The Federal Republic of Germany has a tradition of rule by coalition, and the country’s voters – as well as its elite – stick to this tradition. The most common model has been a centre-right government, first from 1949 to 1966, and then again from 1982 to 1998. Alternative models have included a centre-left coalition from 1969 to 1982, along with an alliance of the moderate left from 1998 to 2005. However, since the 1990s, there has been a new dimension of power distribution: Voters in Germany now not only participate in national elections, with still rather high turnout rates, but also have increasingly begun taking into account the formation and the composition of their federal governments, something long the privilege of the parties. A democracy once almost exclusively ruled by party elites has changed into one in which voters co-decide. In 1998, voters for the first time voted a complete coalition out of office; in 2005, they forced Germany’s two larger parties into a ‘Grand Coalition’. While not the first such government at the federal level, it was the first to result from a decision of the electorate, rather than of the elites. The positive or optimistic view of 2005’s results was therefore that voters had been able to increase their influence on the formation of government. But it was a matter of perspective. The pessimistic view of this same result was that the election’s losers had formed a government, while Germany’s party system had lost in terms of stability, reliability and the capability to produce effective government.

What were the results of the 2005 election? The Red-Green government was defeated, which was no surprise.
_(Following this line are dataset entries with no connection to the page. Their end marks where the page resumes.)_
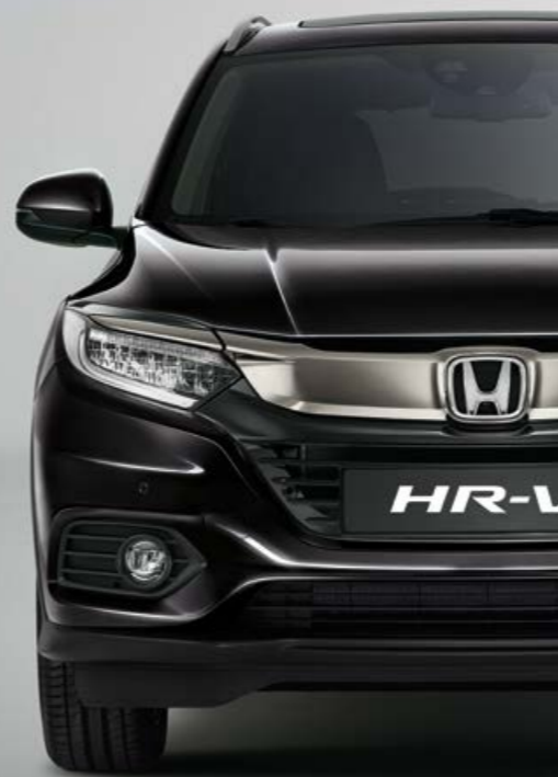
PERLEŤOVÁ CRYSTAL BLACK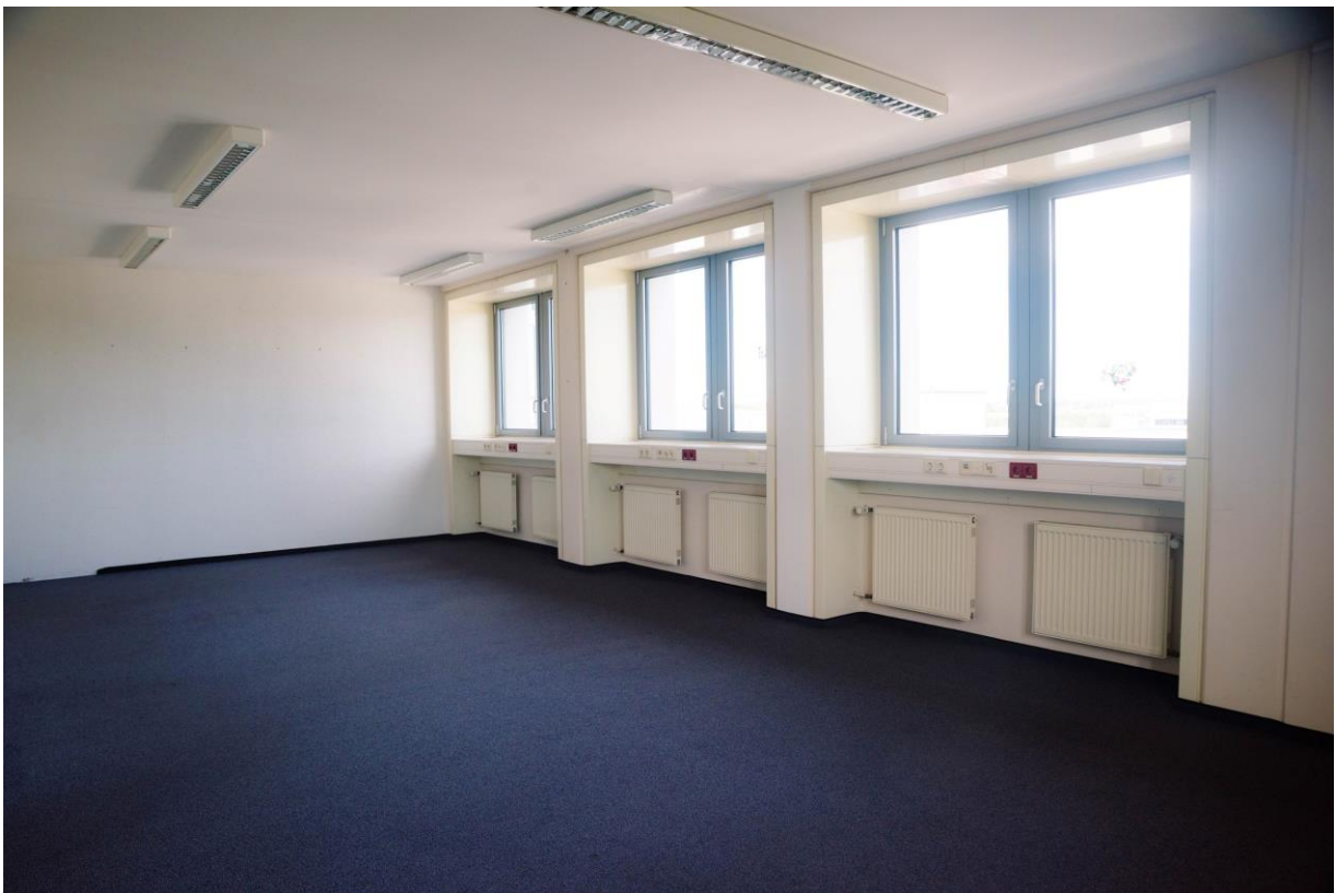
Bürobeispiel 5 Turm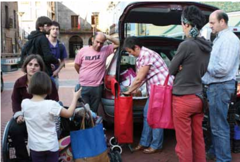
Bidetxiorrek ekainean egin zuen lehen banaketa.

Bidetxiorreko kideen helburua argia da, elikaduraren kontrola berreskuratzea. Zer jan nahi duten erabakitzea, zeinek, non, zela eta zein baldintzetan ekoiztuak diren jakinda. Hori dela eta, talde gisara modu biologikoan ekoiztutako elikagaiak bakarrik kontsumitzen dituzte. Kontsumo zuzena antolatzearekin batera "gaur eguneko ohiko kontsumo sistemarekin kritiko izan nahi dugu. Batetik merkatalgune handiek herrietako merkaturak suntsitzen dutelako eta bestetik herrietako merkaturak askok banaketa sare handien produktuak saltzen dituztelako. Etorrizuneko bidea herrian herrikoa eta ekologikoa erosi ahal izatea da".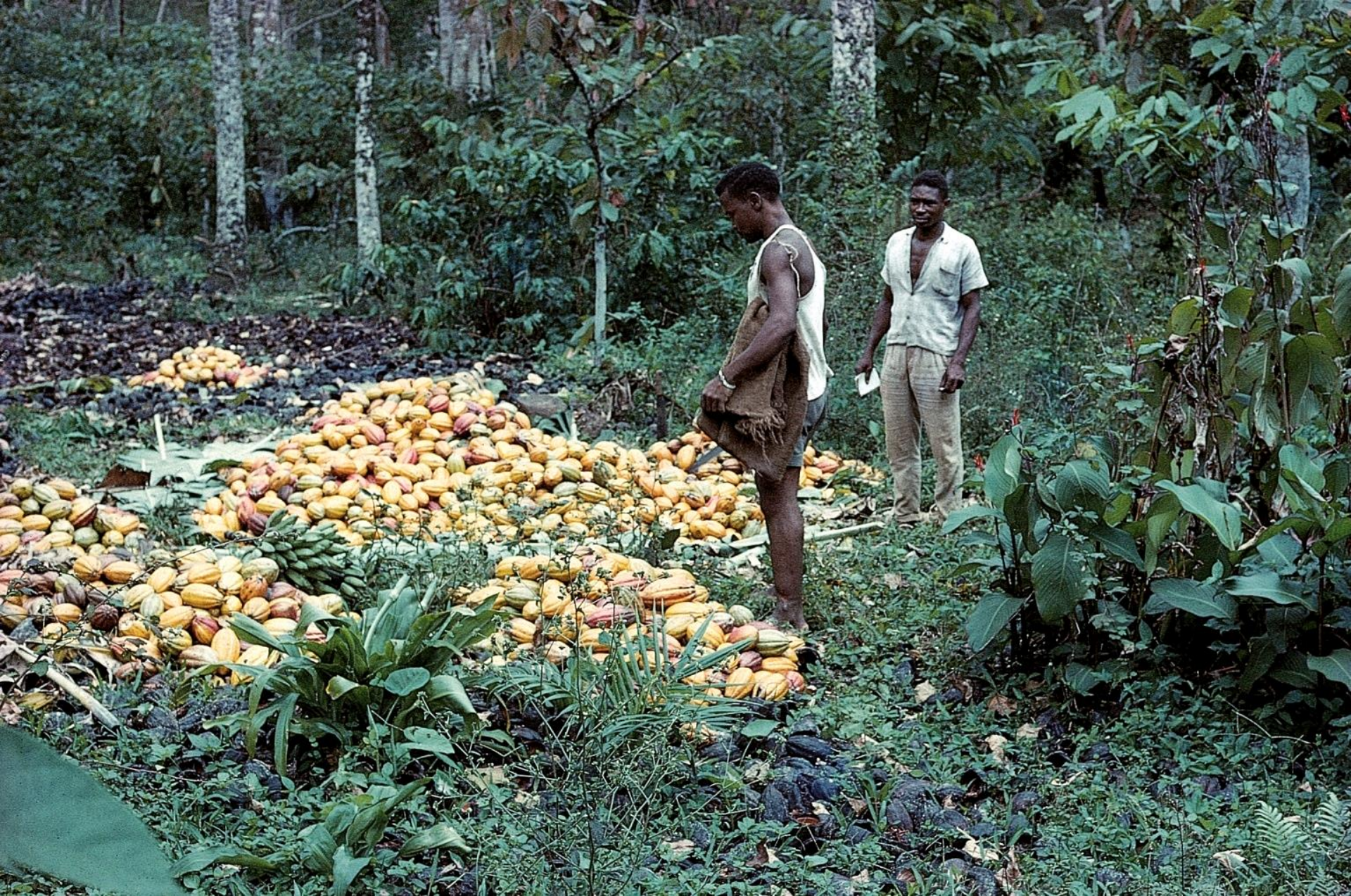
Cacau pronto para a seca nos tabuleiros (1965)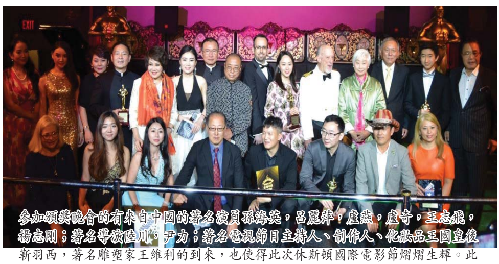
参加颁奖典礼的有来自中国的著名演员陆川、王学兵、王学兵、杨烁、著名导演陆川、沙力、著名电视制片人、制片人、张继忠王国立、新羽西，著名雕塑家王雅利也到场参与中国夜颁奖典礼。此次全景中国的部分剧组人员也到场参与中国夜颁奖典礼。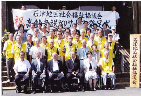
送迎サービスが始まります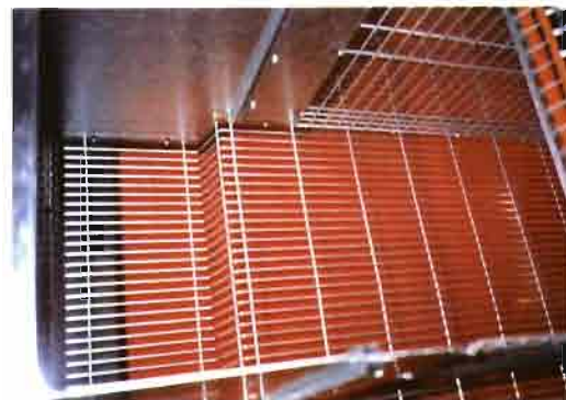
Detalle del interior de la jaula Sprint con las ranuras metálicas para el separador y el piso en forma de 4 para ubicar el nidal bañera

* El conjunto JAULAS SPRINT-10, polivalentes, que se convierten en JH o JE mediante un separador de fácil manipulación. Disponen de alimentación automática por bisenfin.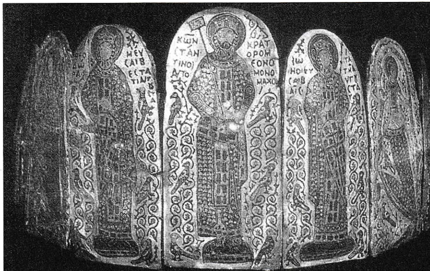
Monomachos koronája a szlovákiai Nyitraivánfároról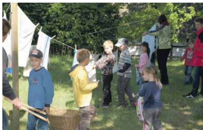
Wenn die Wäsche dann im Wind flattert, ist die schwere Arbeit des Waschtages beendet.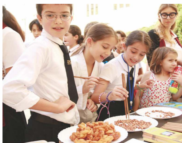
各國孔子學院的建立，是孔子「四海之內皆兄弟」思想的實踐。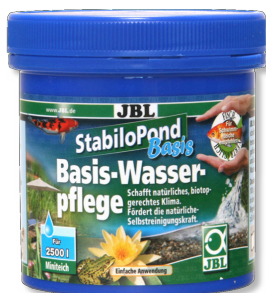
JBL StabiloPond Basis Základní přípravek do vody v zahradním jezírku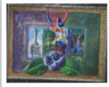
OBR-000217 AUTOR: LUIS A. QUIÑONEZ RD$5,500.00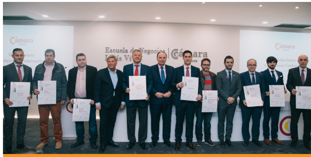
Entrega diplomas empresas centenarias

En el Pleno del 25 de noviembre, se reconoció los más de 100 años de trayectoria de una decena de empresas valencianas, con la entrega de un diploma a cada una de ellas: Vicente Gandía, Extintores Carreras S.L. "Minimax", Levante El Mercantil Valenciano, Joyería Falomir, Forn de Litri, Aguas de Valencia, Safta, S.A., Bernia Forn i Pastisseria, José Martínez Medina, Instrumentos Musicales Gaspar.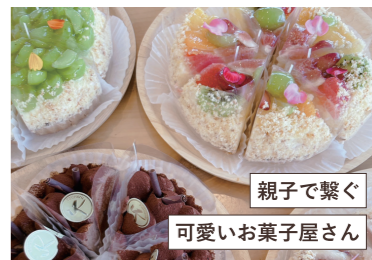
親子で繋ぐ 可愛いお菓子屋さん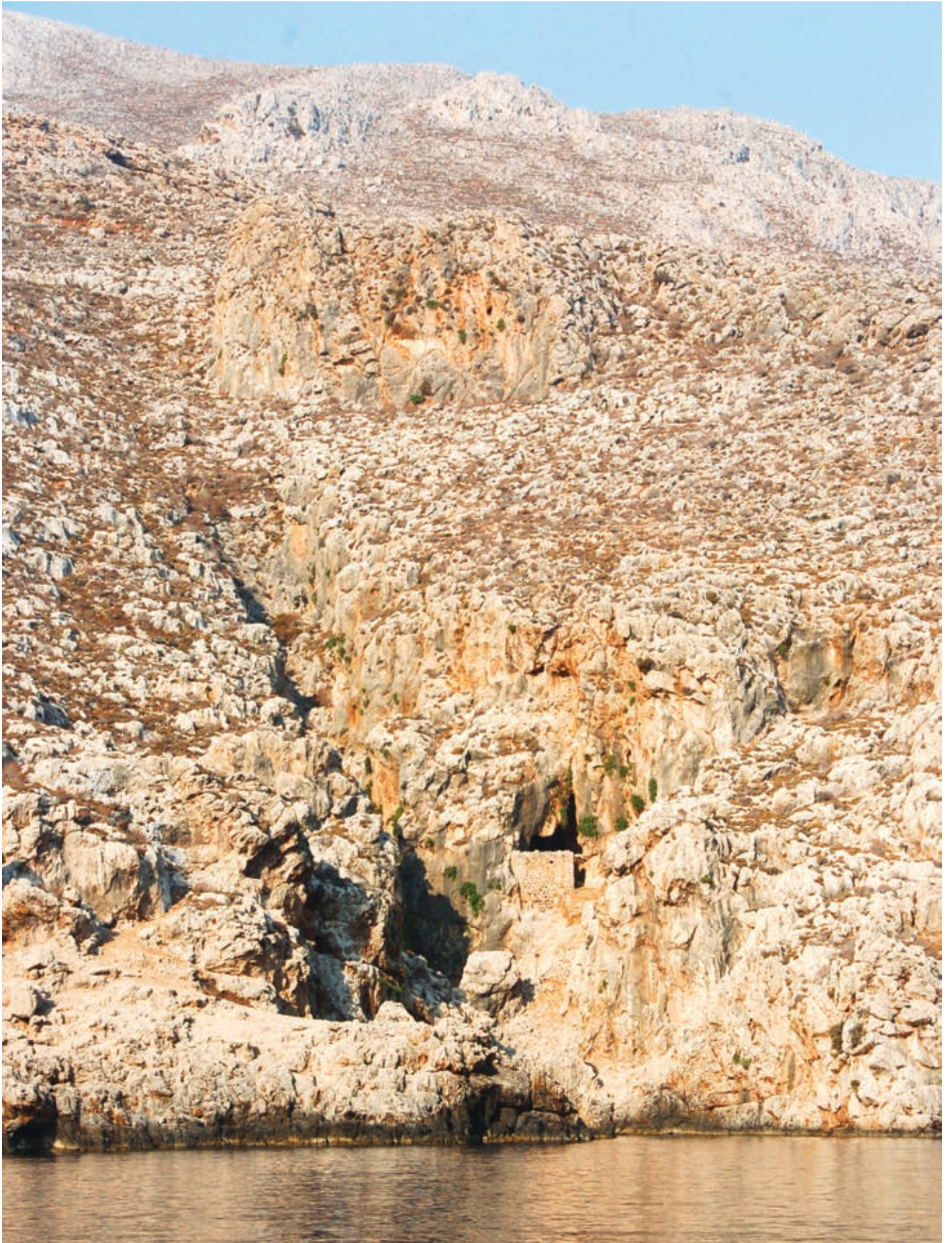
Σπηλιά στην περιοχή Κελιά - Παλιό ασκητήριο με αγιογραφίες πάνω στους βράχους

Voters had shown their disappointment with the Social Democratic Party (SPD) in many polls, as well as in state and local elections. During their time in office on the national level, the Greens lost power in all governments they had been part of on the state level. More surprising was the fact that the bourgeois opposition parties, the Christian Democratic Union/Christian Social Union (CDU/CSU) and the Free Democrats (FDP), could not overcome the left majority to form a centre-right coalition. Some 51 per cent of voters chose parties left of the centre, while only 45 per cent backed parties right of the centre (4 per cent cast ballots for others). The respective shares for 2002 were 51.1 per cent and 45.9 per cent (and 3 per cent for others). The only change was that one party of the left, the Left.PDS (Party of Democratic Socialism), surpassed the 5 per cent threshold, but was not accepted as a possible coalition partner before or after the election. This meant the two major parties of the right and the left had to enter talks about forming a Grand Coalition, since ideological differences prevented formation of a different government, like a ‘traffic light’ (Red-Yellow-Green) or ‘Jamaica’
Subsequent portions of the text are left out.